### INPUT FOR THIS TASK

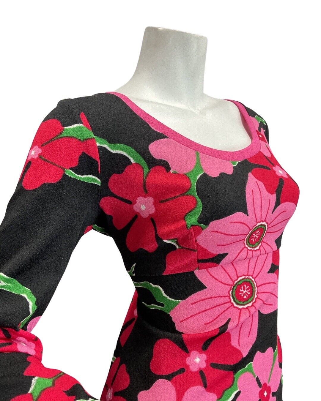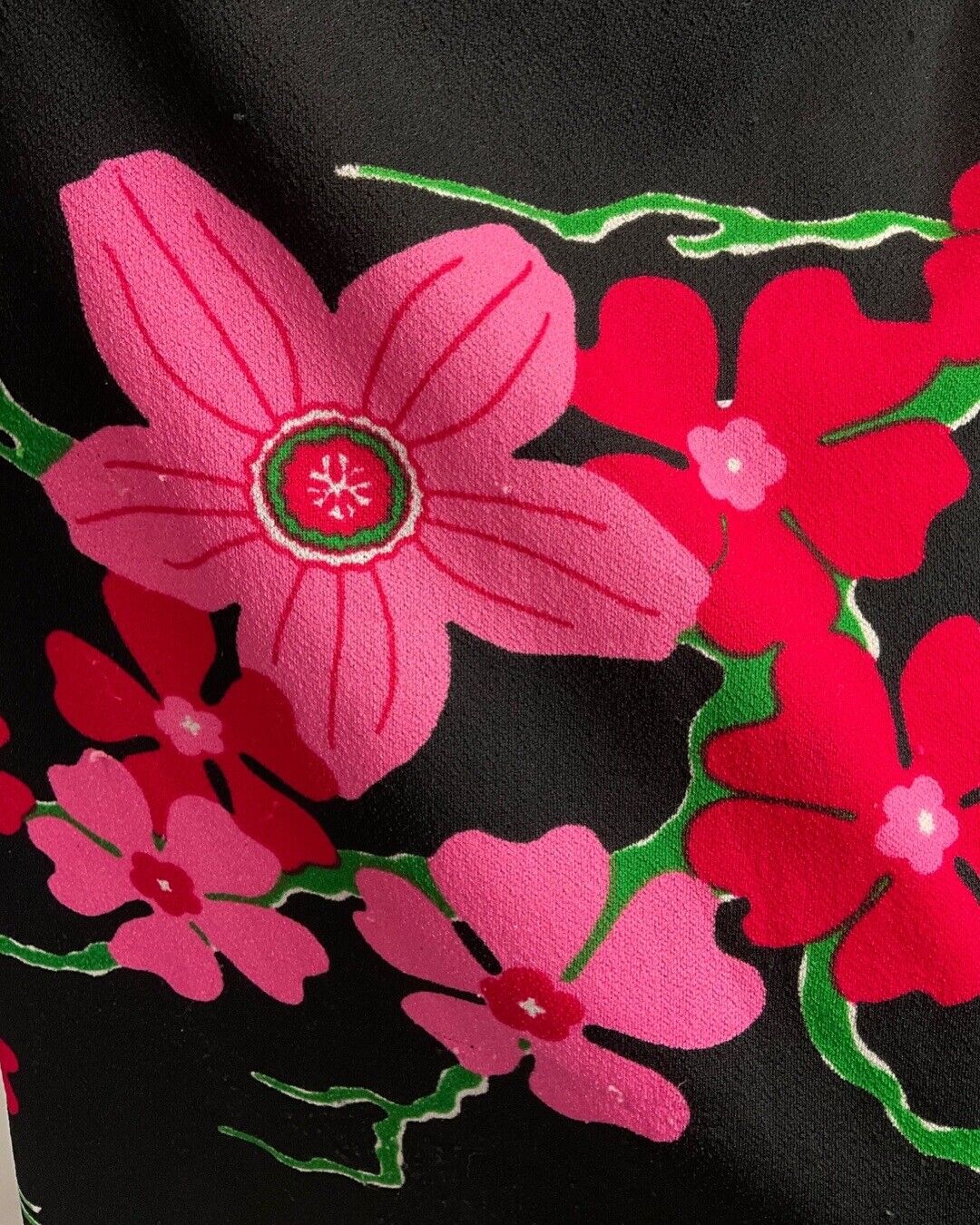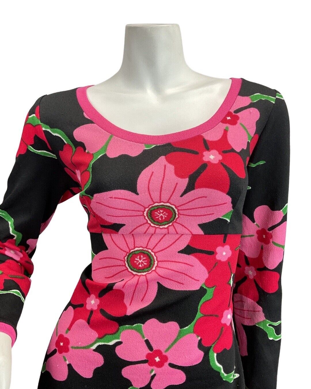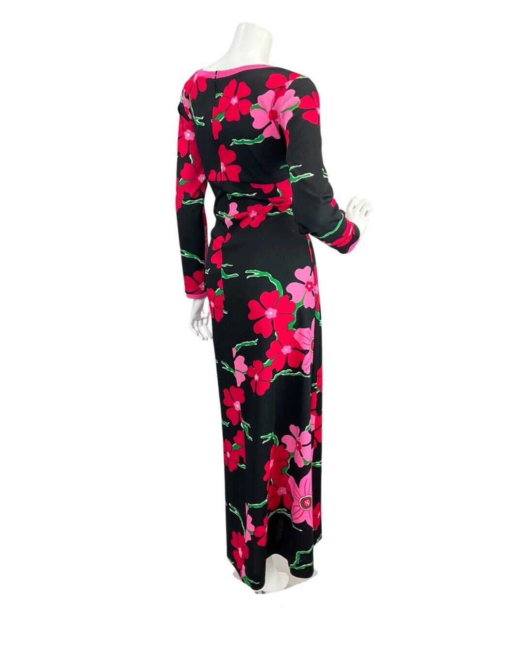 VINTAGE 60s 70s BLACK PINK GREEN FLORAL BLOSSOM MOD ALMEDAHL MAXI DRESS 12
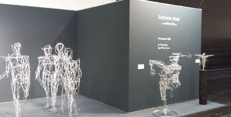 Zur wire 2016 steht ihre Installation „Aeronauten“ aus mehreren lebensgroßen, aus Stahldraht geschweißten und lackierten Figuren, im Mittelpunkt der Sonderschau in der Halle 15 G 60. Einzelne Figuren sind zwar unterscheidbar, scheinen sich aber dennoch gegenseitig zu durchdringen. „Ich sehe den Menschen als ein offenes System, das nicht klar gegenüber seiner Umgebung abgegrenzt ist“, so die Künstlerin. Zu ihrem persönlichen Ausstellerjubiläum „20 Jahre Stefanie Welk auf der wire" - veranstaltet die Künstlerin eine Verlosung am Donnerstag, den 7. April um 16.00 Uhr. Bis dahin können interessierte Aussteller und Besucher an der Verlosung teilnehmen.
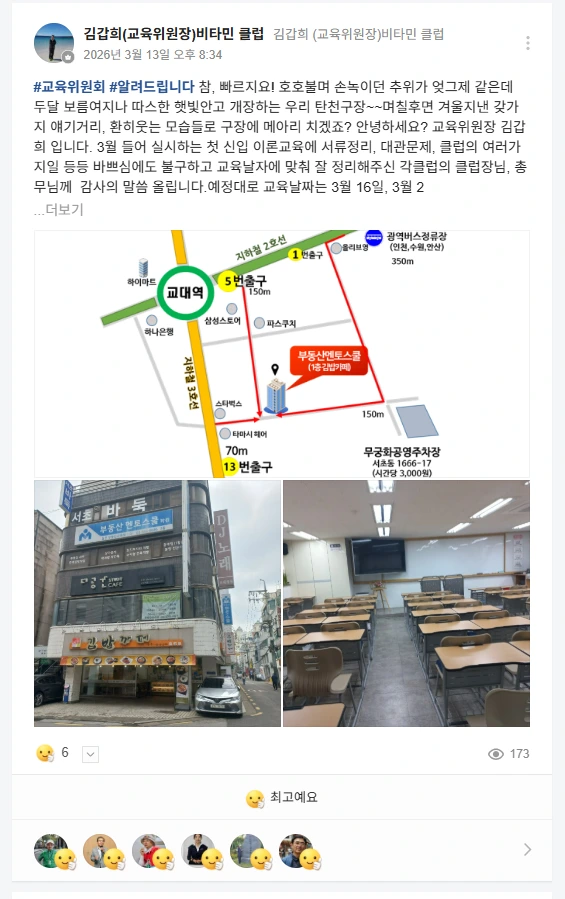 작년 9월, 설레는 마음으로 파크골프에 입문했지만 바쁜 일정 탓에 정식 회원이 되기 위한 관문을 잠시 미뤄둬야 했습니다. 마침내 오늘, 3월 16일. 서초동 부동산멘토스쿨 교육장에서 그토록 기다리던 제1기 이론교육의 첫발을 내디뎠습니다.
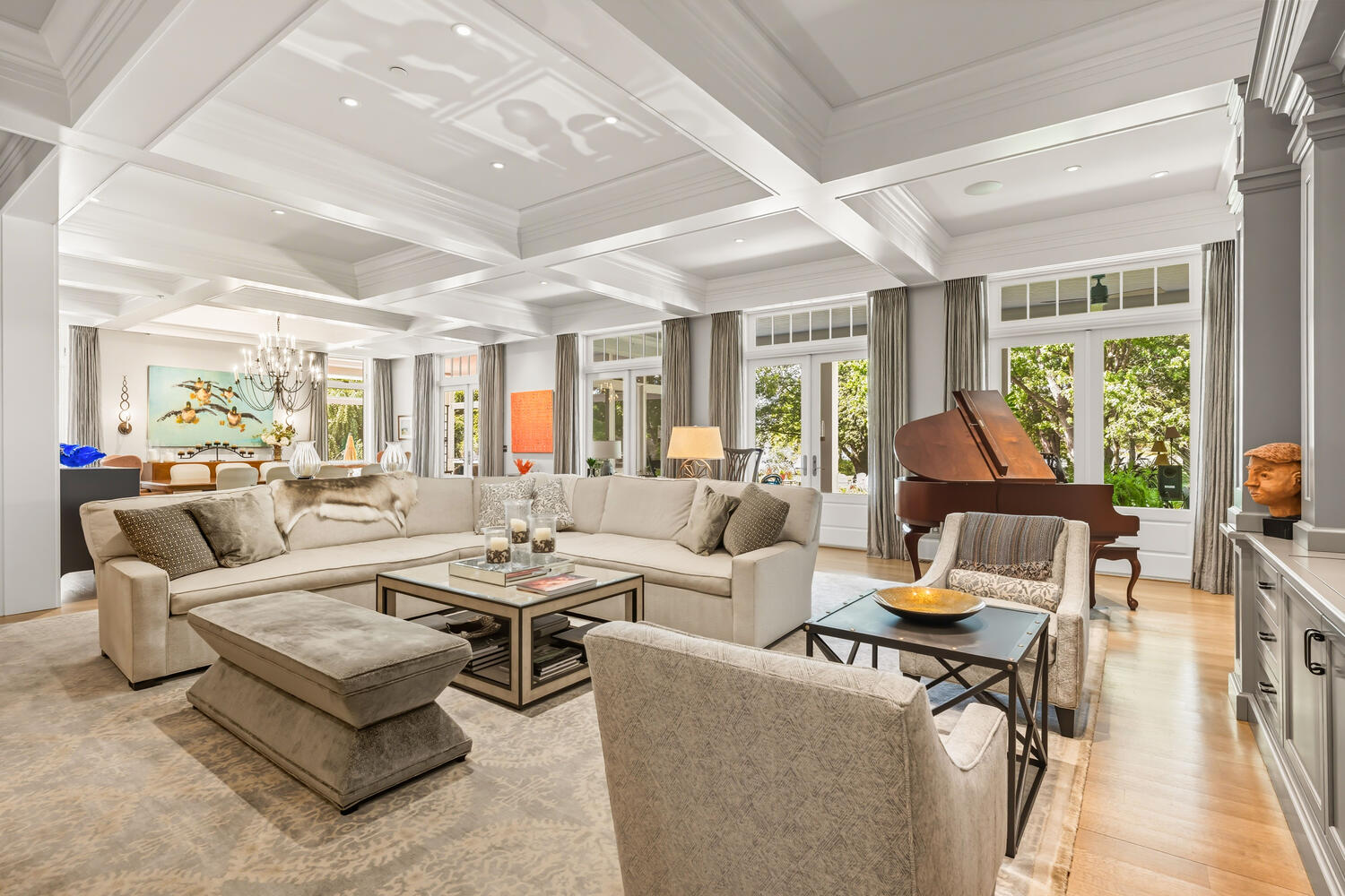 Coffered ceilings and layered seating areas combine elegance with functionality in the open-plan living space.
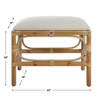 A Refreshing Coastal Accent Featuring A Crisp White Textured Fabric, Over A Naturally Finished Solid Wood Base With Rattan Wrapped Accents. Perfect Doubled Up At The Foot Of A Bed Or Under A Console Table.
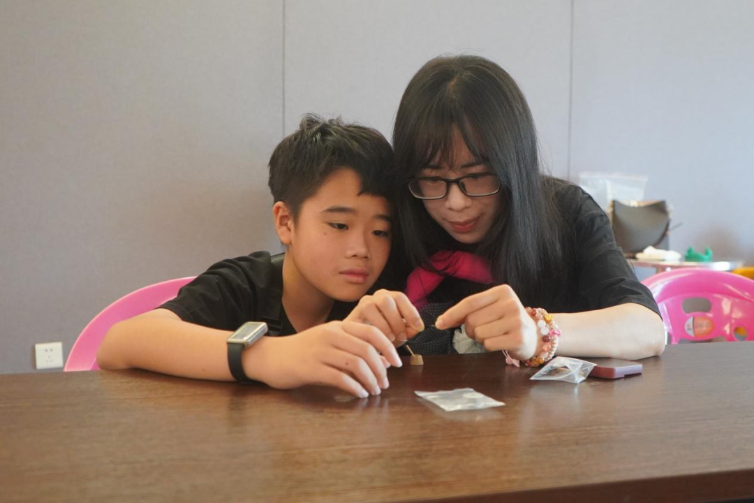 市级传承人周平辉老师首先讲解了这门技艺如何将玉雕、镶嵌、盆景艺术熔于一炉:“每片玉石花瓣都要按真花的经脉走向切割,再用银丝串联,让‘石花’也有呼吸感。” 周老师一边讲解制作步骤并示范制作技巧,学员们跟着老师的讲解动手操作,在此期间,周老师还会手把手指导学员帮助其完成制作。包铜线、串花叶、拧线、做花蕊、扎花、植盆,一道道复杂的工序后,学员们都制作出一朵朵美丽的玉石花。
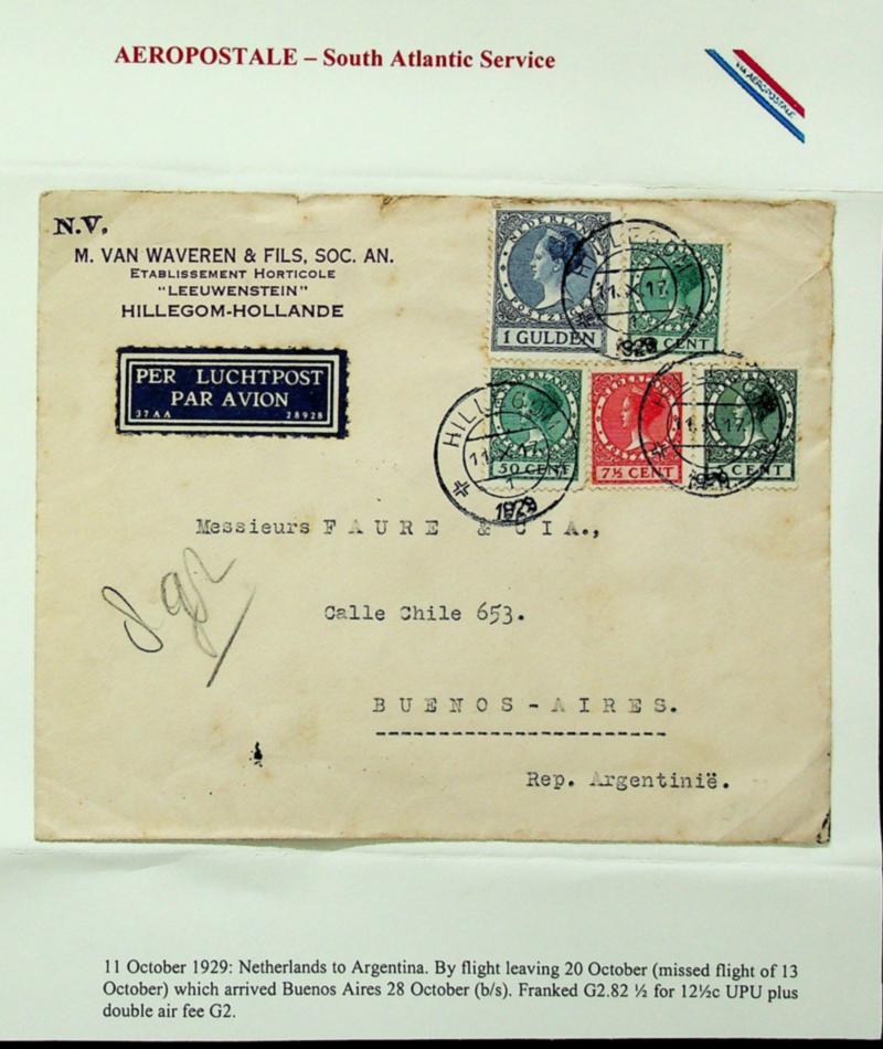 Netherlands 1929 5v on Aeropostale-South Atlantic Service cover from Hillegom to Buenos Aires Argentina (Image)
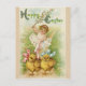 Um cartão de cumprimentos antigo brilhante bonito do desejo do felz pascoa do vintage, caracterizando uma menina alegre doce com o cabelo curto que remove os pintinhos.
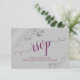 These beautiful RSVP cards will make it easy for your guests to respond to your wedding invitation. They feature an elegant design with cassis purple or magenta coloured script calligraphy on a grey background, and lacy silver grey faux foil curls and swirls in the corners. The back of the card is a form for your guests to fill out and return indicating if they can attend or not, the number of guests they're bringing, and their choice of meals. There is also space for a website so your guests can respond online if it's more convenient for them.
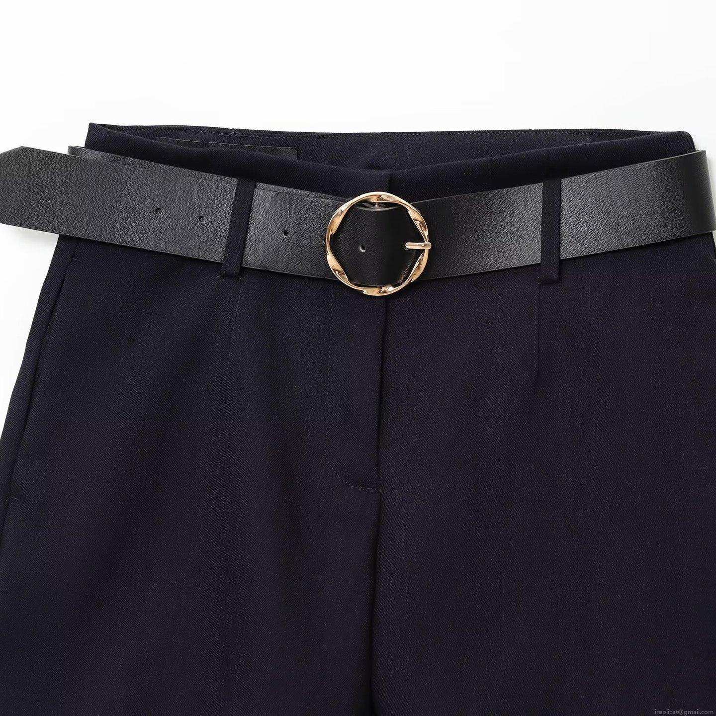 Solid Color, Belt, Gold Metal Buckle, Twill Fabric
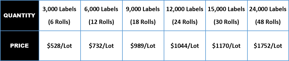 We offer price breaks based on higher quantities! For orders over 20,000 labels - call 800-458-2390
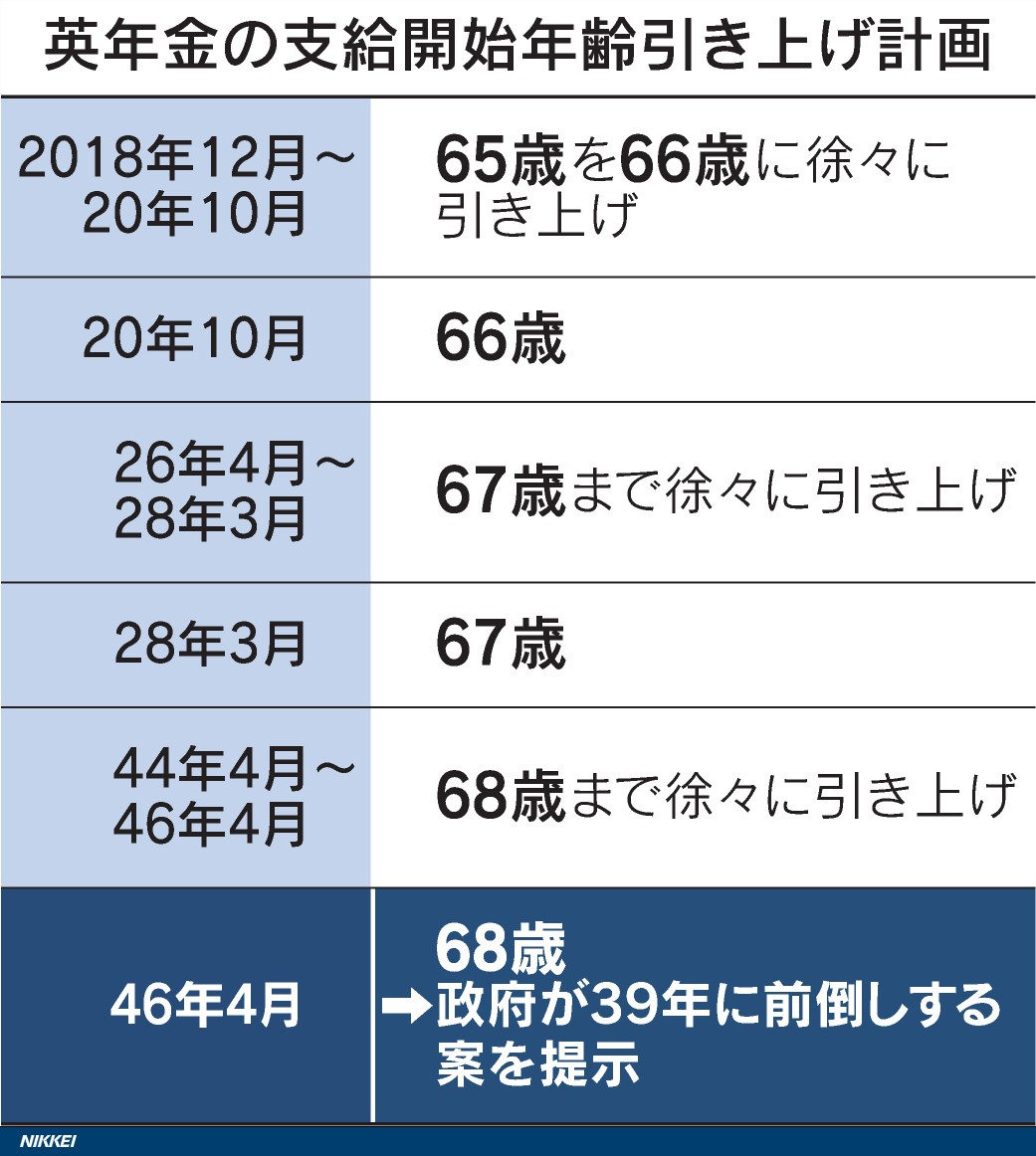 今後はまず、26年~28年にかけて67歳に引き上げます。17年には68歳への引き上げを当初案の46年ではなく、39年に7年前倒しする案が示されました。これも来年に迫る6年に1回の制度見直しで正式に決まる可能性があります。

### WHAT THIS TASK INVOLVES
Leave every picture out and write out, word for word, the lines from the one that contains "Solid Color, Belt, Gold" through the last line of the records.

### RESPONSE BELOW
 Solid Color, Belt, Gold Metal Buckle, Twill Fabric
 We offer price breaks based on higher quantities! For orders over 20,000 labels - call 800-458-2390
 今後はまず、26年~28年にかけて67歳に引き上げます。17年には68歳への引き上げを当初案の46年ではなく、39年に7年前倒しする案が示されました。これも来年に迫る6年に1回の制度見直しで正式に決まる可能性があります。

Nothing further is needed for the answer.